Timing Matters: Can Job Polarization Explain Wage Trends
|Written by Lawrence Mishel|
|Monday, 14 January 2013 14:57|
The recently posted introduction of Assessing the job polarization explanation of growing wage inequality, a paper I wrote with Heidi Shierholz and John Schmitt, has started to raise some interest in the topic so it’s worth surfacing some of the issues and evidence it contains. John has already written a blog post on the fact that job polarization (the expansion of low and high-wage occupations and the shrinkage of middle-wage occupations) did not occur in the 2000s and that recent occupational employment shifts are clearly not driving recent wage trends. Our paper raises two sets of empirical issues. First, we point out that the evidence that job polarization caused wage polarization (growing inequality in the top half of the wage distribution but stable or shrinking inequality in the bottom half) in the 1990s is entirely circumstantial, relying on the two trends (employment and wage polarization) occurring at the same time without demonstration of any linkage. Second, the paper challenges whether occupational employment trends drive key wage patterns.
This post explores the point that one piece of missing evidence from the “job polarization is causing wage inequality” story is around the timing of employment and wage changes. That is, all of the evidence presented so far on job polarization relates to wage and employment trends over big chunks of time (1979–89 and 1989–99 or even 1974–88 and 1988–2008) and there has not been an examination of year-by-year trends. This is important because
the key wage pattern that job polarization is intended to explain—changes in the wage inequality in the bottom half (the 50/10 wage gap) between the 1980s and 1990s—happened fairly abruptly in a few short years.
Daron Acemoglu and David Autor, in an important 2012 paper, are clear about the main issue involved, which they motivate by showing the wage trends among men in the following chart.
Another way of expressing this is that the 50/10 wage gap (the gap between median, 50th percentile, hourly wage and low hourly wages, the 10th percentile) grew strongly in the 1980s and contracted in the 1990s. Acemoglu and Autor’s figure demonstrate this for male wages but the divergence in trends was even larger among women, for whom the 50/10 wage gap grew more strongly in the 1980s.
The following figure (based on Current Population Survey ORG data) shows, for all workers, the annual trend in the 50/10 wage gap and the shares of middle-wage and low-wage occupations in total employment that Acemoglu and Autor use to explain the 50/10 wage gap. The 50/10 wage gap expanded sharply in the 1980s through 1987 and then contracted in the 1990s and stabilized in the 2000s. Employment in middle-wage occupations declined at a steady pace over the entire period. In contrast, the employment share in low-wage (i.e., service) occupations was stable and remained at a low level—roughly 15 percent of total employment. More specifically, the low-wage occupation employment share was stable over the 1980s and 1990s, expanding by 0.1 percentage points in the 1979–89 period and falling by 0.1 percentage points from 1989 to 2000 (Acemoglu and Autor’s analysis of decennial Census data shows low-wage occupations’ share of total employment expanding by 0.3 over 1979–89 and by 1.1 over 1989–99. These are small changes. The same trends are evident in hours-weighted data).

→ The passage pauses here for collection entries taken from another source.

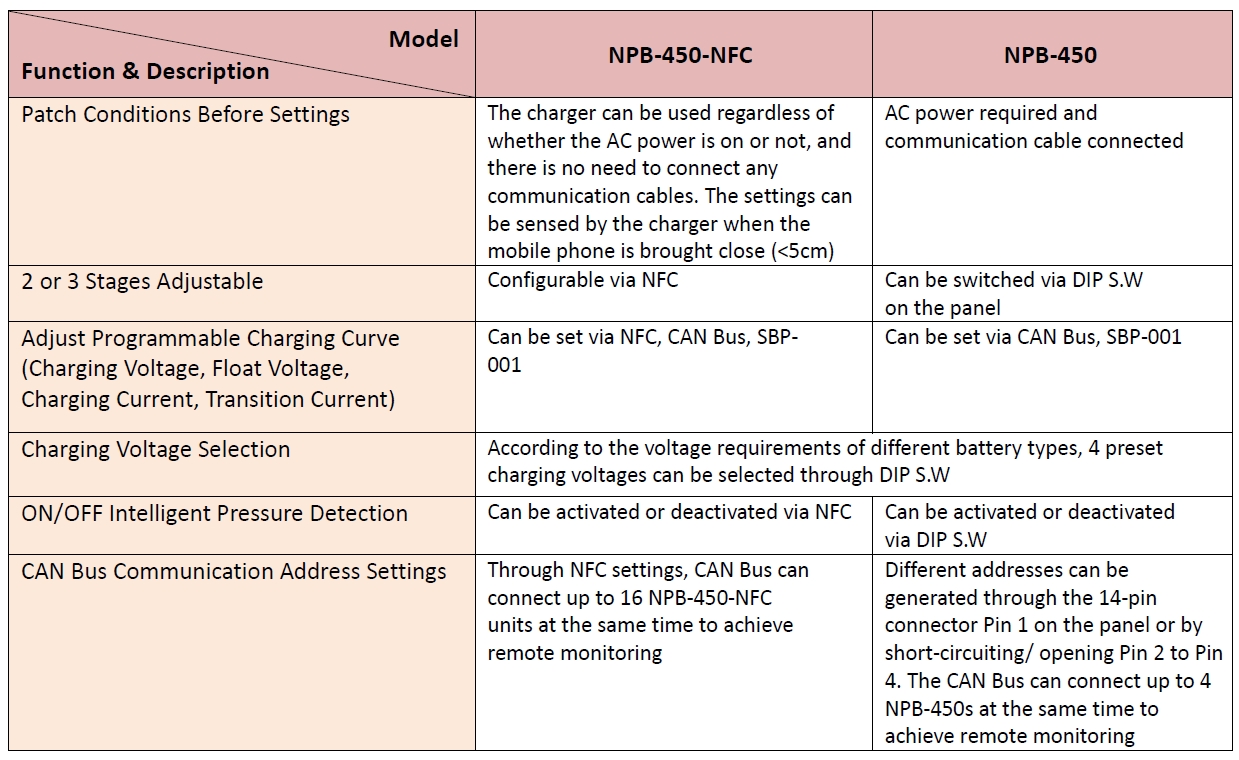 - Built-in NFC communication interface can quickly adjust 2-stage/3-stage and charging parameters (as shown in the table above)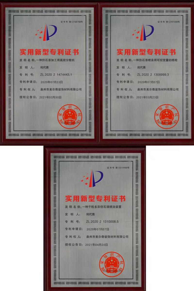 與福州大學(xué)、中科院材料所共建仿石漆聯(lián)合實驗室,仿石漆噴涂用可控變量的噴槍、仿石漆加工用高效分散機等前沿領(lǐng)域,累計申請專利13項,其中發(fā)明專利占比達65%。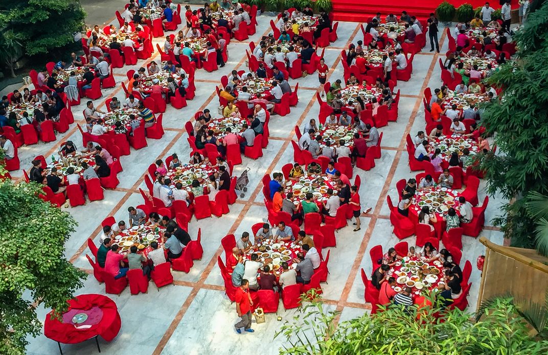 During our visiting in Ying Kou, a city in northern China, we encountered a wedding ceremony in the lobby of the hotel where we stayed. Then they had this banquet at the same area. Tablecloths and chair covers are in all red because red represents happy in Chinese culture.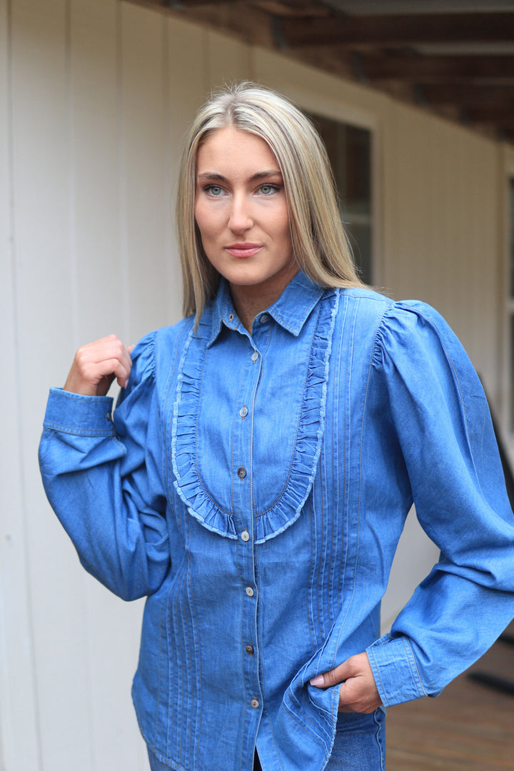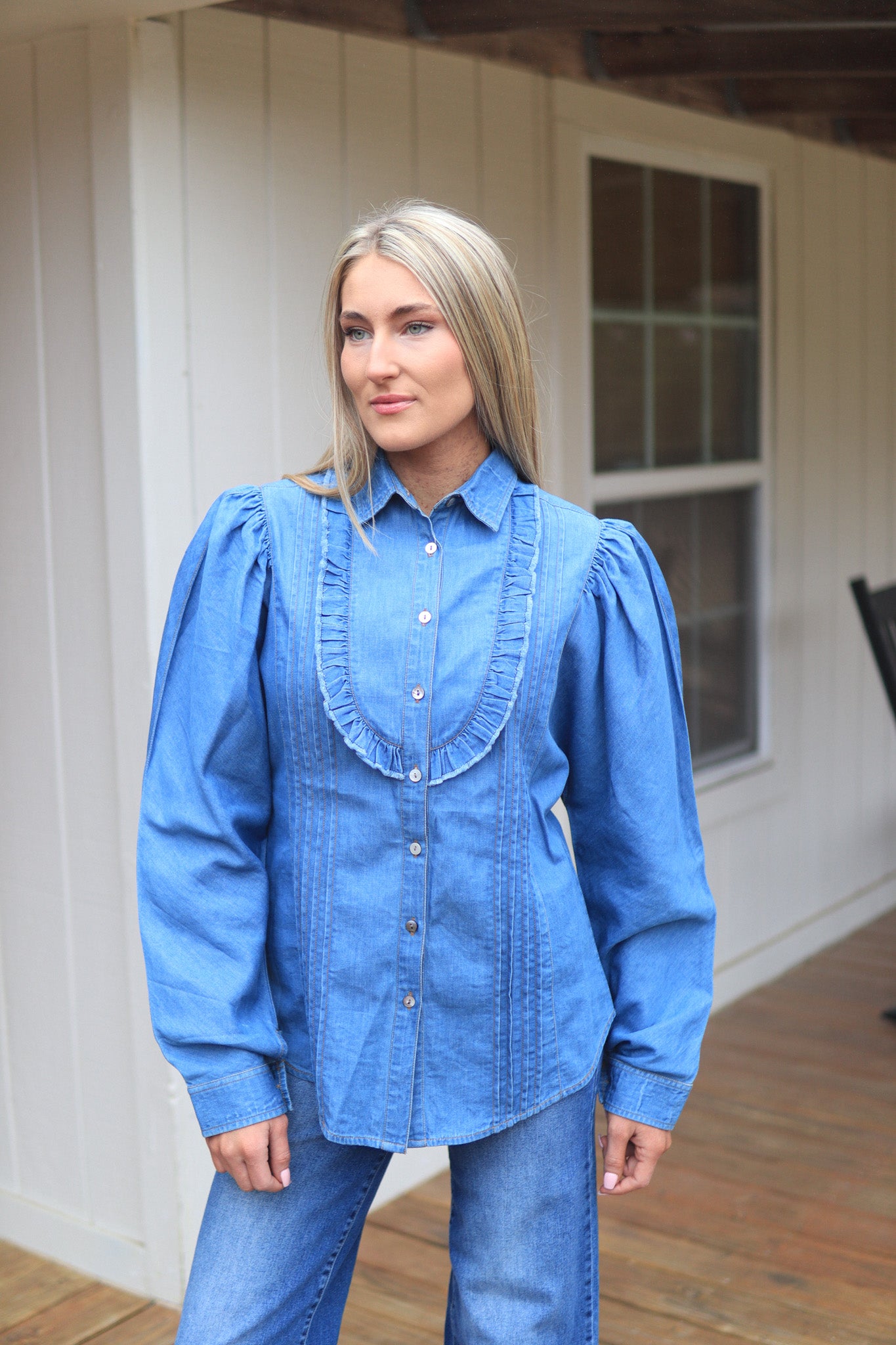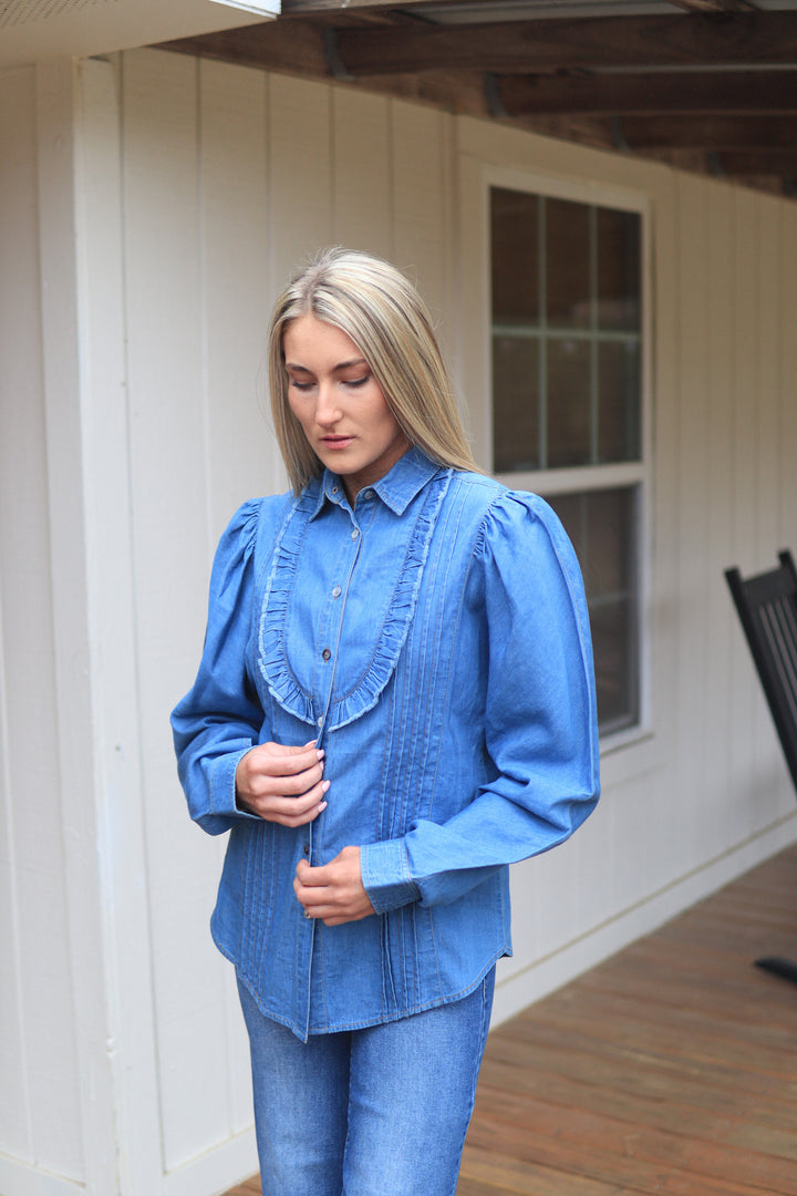 This soft denim blouse brings a touch of casual elegance with its romantic puff sleeves and delicate ruffled front yoke. The classic button-up design makes it effortlessly chic for the office, while its versatile style allows you to dress it up with a skirt or leather pants for a more sophisticated, fashion-forward look. Lightweight and stylish, this blouse is perfect for those who love timeless pieces with a modern, feminine twist.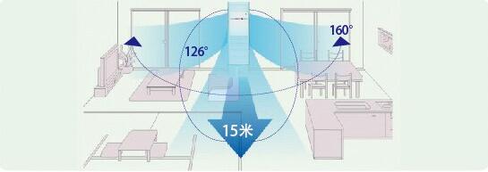 15米超远距离160度广角对流送风,迅速将舒爽遍布每个角落,体现无处不在的关怀。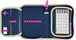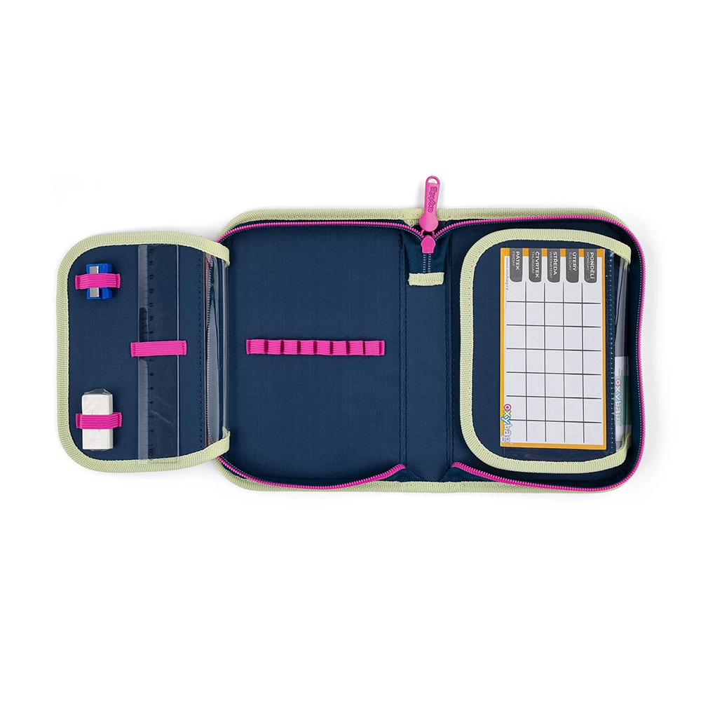 Jednokatna pernica s dvama unutarnjim preklopima pruža izvrsnu organizaciju školskog pribora. Zahvaljujući 25 elastičnim trakama olovke, kemijske, gumica i ravnalo uvijek će biti na svom mjestu. Prozirne folije na preklopima idealne su za raspored sati ili bilješke.

Here is the bottom line: Continuous trends in occupational employment shares cannot explain the discontinuous trend in the 50/10 wage gap, which expanded sharply in the 1980s and then contracted and stabilized thereafter. This timing issue is a serious flaw in using technologically-driven occupational employment trends to explain what Acemoglu and Autor properly call the “key difference” between the 1980s and 1990s wage trends.
A different explanation
A better candidate to explain the behavior of the 50/10 wage gap is the minimum wage, whose value dramatically eroded (to where it was hardly binding by 1987–88) over precisely the period that the 50/10 wage gap grew sharply and affected women far more so than men. In fact, the wage chapter of The State of Working America draws on the research of Autor and two co-authors to show that: (1) 66 percent of the 25.2 percentage-point (in logs) growth of the 50/10 wage gap among women from 1979 to 2009 can be explained by the change in the minimum wage; and, (2) 57 percent of the 11.4 percentage-point (in logs) growth of the 50/10 wage gap from 1979 to 2009 among all workers can be explained by the minimum wage. Another key factor has been unemployment. State of Working America also updated some research by Alan Krueger and Lawrence Katz (from 1999), showing that high unemployment disproportionately hurts low-wage workers more than middle-wage workers and more so for men than women. In our view, unemployment is another key factor explaining trends in the 50/10 wage gap over the last three decades, especially the excessive unemployment in the early 1980s, which subsided by 1987-88, and the sharp drop in unemployment in the late 1990s.
Lawrence Mishel is the President of the Economic Policy Institute.